Come for the products,
stay for the community

The Atlassian Community can help you and your team get more value out of Atlassian products and practices.

Atlassian Community about banner
4,256,819
Community Members
 
Community Events
164
Community Groups

Extinguishing our performance fires and rebuilding for the future

This blog was written by Bitbucket's Head of Engineering, Daniel Tao, and is also published to the Bitbucket Cloud blog.

I stepped into the role of Head of Engineering for Bitbucket Cloud in late 2020, having served as one of the team's senior engineering managers for several years. It is an honor and a privilege to lead this team, and I couldn't be prouder of the hard work we've done and continue to do each day to make Bitbucket a world-class product empowering teams to build, test, and deploy software to millions of people around the world.

It has been an eventful journey, and the past few weeks are no exception.
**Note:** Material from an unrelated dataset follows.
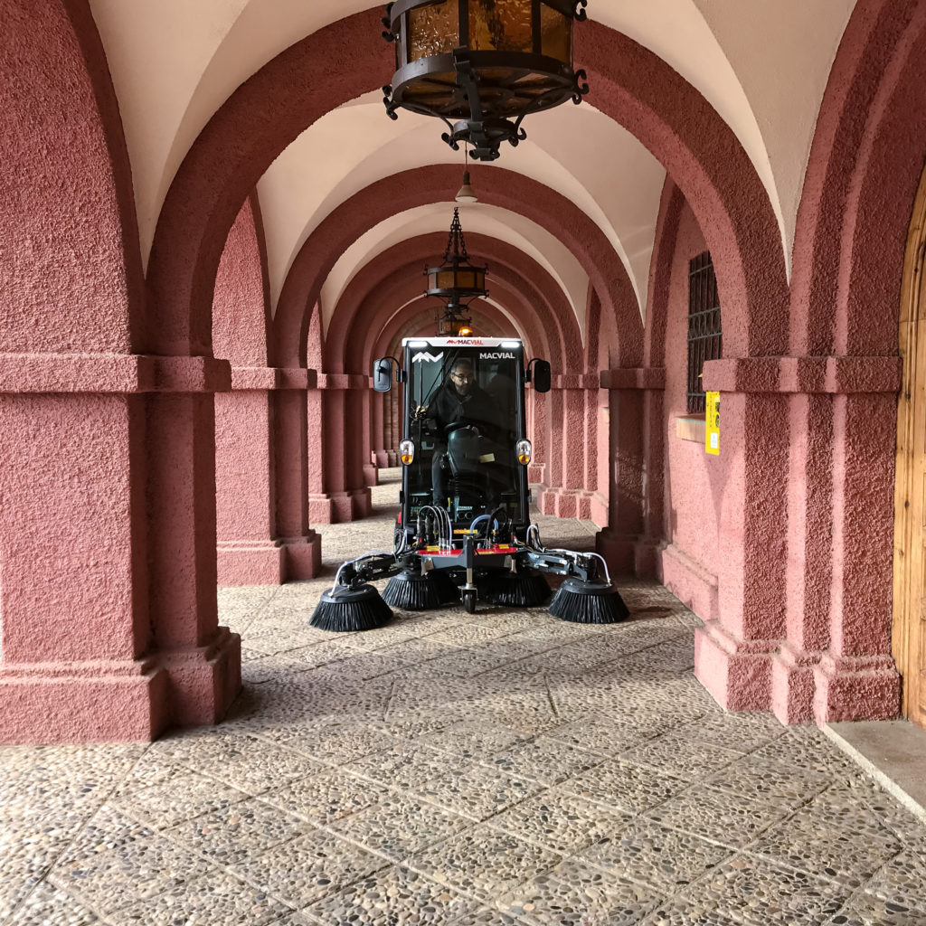 Esta potente barredora puede utilizarse durante todo el año para la limpieza de exteriores, incluyendo aceras, caminos estrechos en parques y grandes superficies como carreteras y aparcamientos.

Recent performance incidents

Back in October, our previous Head of Engineering Robert Krohn shared a blog post to provide transparency about a recent major incident that had affected customers as well as share some impressive performance improvements the team had delivered. Today I'd like to do the same for some recent incidents in late March and again this month that have been especially trying, for our customers but also for our engineering teams. Fortunately I also have another set of improvements to share, along with plans to continue investing in the reliability and speed of our services.

It would be fair to ask how these recent incidents are any different from past events such as those explained by my predecessor. This is a good opportunity to differentiate between reliability and performance. While these two concerns are highly correlated, they do not always go together. As an example, shifting expensive workloads from high-performance inelastic infrastructure to new infrastructure that sacrifices some speed for scalability could improve reliability while increasing execution time.

Much of our investments on Bitbucket Cloud over the past year have been focused on reliability—investing in better monitoring and alerting, moving to more scalable architecture, etc. Recently our customers experienced severely degraded performance causing pages to load very slowly and Git operations to appear to hang or time out. While our services did not experience outages during these incidents, this performance degradation was nonetheless highly disruptive to developers trying to use Bitbucket, highlighting the importance of treating performance and reliability as equal partners.

Extinguishing the fires

As the team dug in to investigate our performance degradation issues last week, one key discovery emerged early on: by far the biggest contributor was Bitbucket's file system layer, the piece of our infrastructure responsible for facilitating application access to customers’ source code. This is represented by the blue area in the following graph showing peaks in our response times last Monday and Tuesday.

Every other performance factor, such as databases, caches, and external web requests, were relatively stable in comparison to file system operations. (You can see that the other colored areas do not show as much variation as the blue area.)

A thorough explanation of what we ultimately discovered regarding the root cause of these performance issues will have to wait for a future blog post. While the investigation proved challenging, this early signal helped us kick into action right away on a plan to mitigate the impact to customers:

  1. By offloading as much work as possible away from the file system and onto lower-latency parts of the infrastructure (e.g. caches)
  2. By identifying expensive operations that depend on the file system that we could stop doing entirely (after all, the fastest code is the code which does not run)

Caching packfiles

One of our greatest sources of file system throughput has always been Git traffic: developers cloning repositories, pulling their teammates’ changes, and pushing their own code. The load of these operations is increased by an order of magnitude by CI tools such as Pipelines, Bamboo, or Jenkins. Customers often have these tools configured to poll Bitbucket for changes, sometimes on aggressive schedules (e.g. every minute!), which can generate huge amounts of file system I/O.

Over the past couple of weeks, our engineers have rolled out an optimization to cache and serve packfiles without touching the file system for repository clones and fetches, which has slashed throughput nearly in half.

Throughput from Git over SSH traffic File I/O from Git over SSH traffic
Throughput from Git over HTTPS traffic File I/O from Git over HTTPS traffic

While this change does not directly improve the performance of Git operations, it dramatically reduces load on our file system layer, which in turn makes response times faster across all endpoints that perform file system operations.

Custom libgit2 ODB backend

While our Git services have historically been the biggest contributor to our file system throughput, our website and APIs are no slouch either. Rendering source code, commit messages, and especially computing diffs between versions are all expensive and I/O-bound operations.

The services powering Bitbucket's website and API layers are implemented in Python and use a custom library to handle all access to repositories on disk. This library uses the libgit2 C library under the hood, which has support for pluggable custom backends including an ODB (object database) backend—allowing consumers to specify a data source other than the local file system for looking up Git objects.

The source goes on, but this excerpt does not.